* [Work required]
Emit a verbatim copy of the lines below from the line with "在队旗的见证下,新入队的少先" through the line with "子供たちが観察に来たときには", excluding pictures and everything outside that range.

* [Data listing]
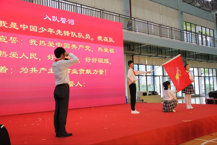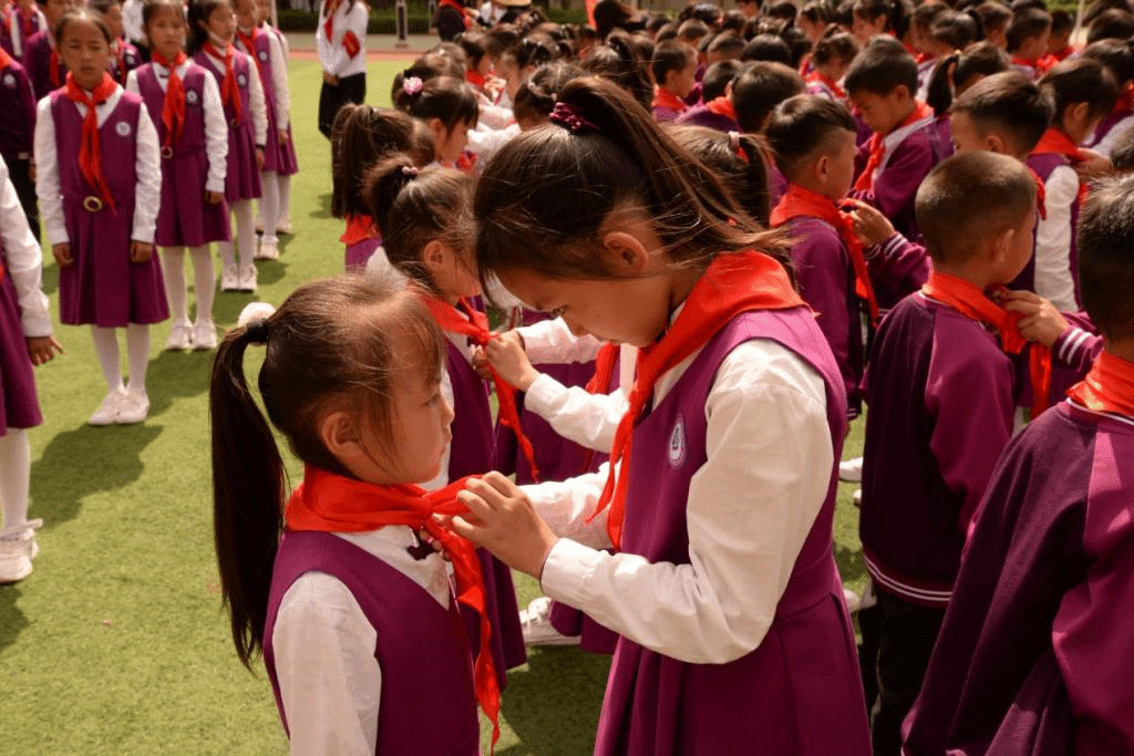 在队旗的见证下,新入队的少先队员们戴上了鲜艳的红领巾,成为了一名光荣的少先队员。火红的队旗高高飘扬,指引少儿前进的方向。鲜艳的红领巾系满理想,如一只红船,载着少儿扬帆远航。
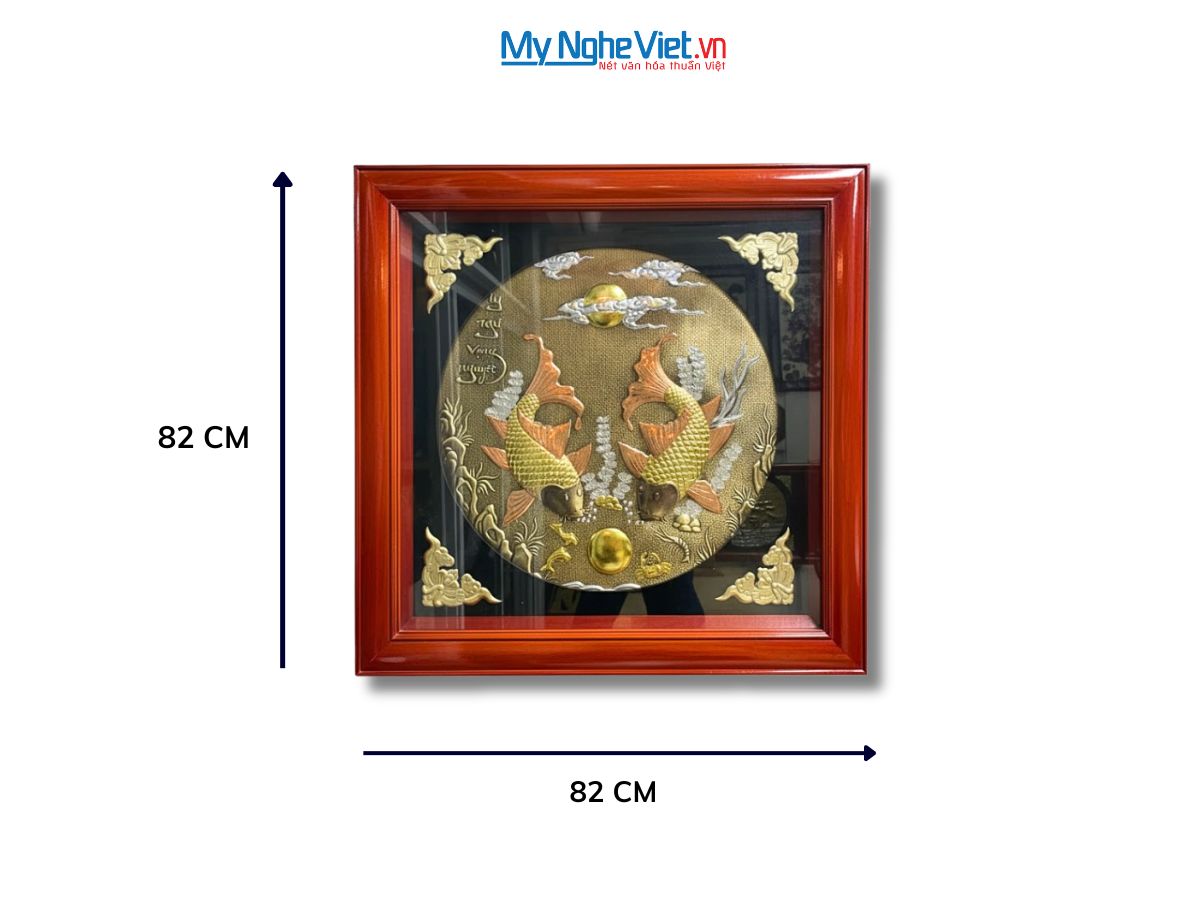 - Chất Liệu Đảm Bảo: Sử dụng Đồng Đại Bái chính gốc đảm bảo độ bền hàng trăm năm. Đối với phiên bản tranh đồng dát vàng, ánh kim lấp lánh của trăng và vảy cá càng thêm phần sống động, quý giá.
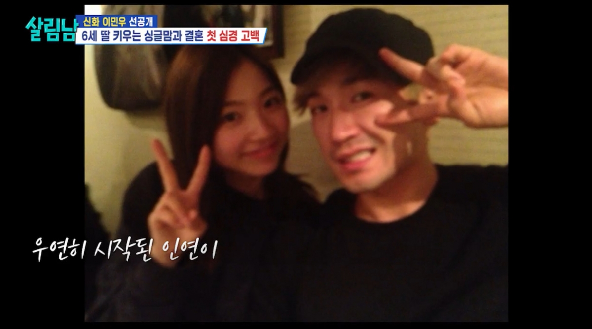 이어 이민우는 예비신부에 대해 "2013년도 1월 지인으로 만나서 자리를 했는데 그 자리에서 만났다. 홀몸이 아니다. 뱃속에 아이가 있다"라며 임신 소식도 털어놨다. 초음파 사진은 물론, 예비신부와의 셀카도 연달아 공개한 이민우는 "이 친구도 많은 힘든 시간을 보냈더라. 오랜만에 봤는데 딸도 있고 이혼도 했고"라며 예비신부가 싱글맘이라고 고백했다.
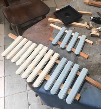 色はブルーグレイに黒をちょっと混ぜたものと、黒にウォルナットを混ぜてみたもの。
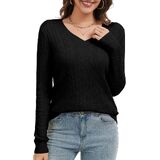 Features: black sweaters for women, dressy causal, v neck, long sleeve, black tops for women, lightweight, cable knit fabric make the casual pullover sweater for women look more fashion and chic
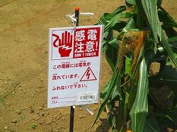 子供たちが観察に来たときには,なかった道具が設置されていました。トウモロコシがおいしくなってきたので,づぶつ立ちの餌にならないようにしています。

...

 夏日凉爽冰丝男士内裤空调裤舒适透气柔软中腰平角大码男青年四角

* [Answer space]
 在队旗的见证下,新入队的少先队员们戴上了鲜艳的红领巾,成为了一名光荣的少先队员。火红的队旗高高飘扬,指引少儿前进的方向。鲜艳的红领巾系满理想,如一只红船,载着少儿扬帆远航。
 - Chất Liệu Đảm Bảo: Sử dụng Đồng Đại Bái chính gốc đảm bảo độ bền hàng trăm năm. Đối với phiên bản tranh đồng dát vàng, ánh kim lấp lánh của trăng và vảy cá càng thêm phần sống động, quý giá.
 이어 이민우는 예비신부에 대해 "2013년도 1월 지인으로 만나서 자리를 했는데 그 자리에서 만났다. 홀몸이 아니다. 뱃속에 아이가 있다"라며 임신 소식도 털어놨다. 초음파 사진은 물론, 예비신부와의 셀카도 연달아 공개한 이민우는 "이 친구도 많은 힘든 시간을 보냈더라. 오랜만에 봤는데 딸도 있고 이혼도 했고"라며 예비신부가 싱글맘이라고 고백했다.
 色はブルーグレイに黒をちょっと混ぜたものと、黒にウォルナットを混ぜてみたもの。
 Features: black sweaters for women, dressy causal, v neck, long sleeve, black tops for women, lightweight, cable knit fabric make the casual pullover sweater for women look more fashion and chic
 子供たちが観察に来たときには,なかった道具が設置されていました。トウモロコシがおいしくなってきたので,づぶつ立ちの餌にならないようにしています。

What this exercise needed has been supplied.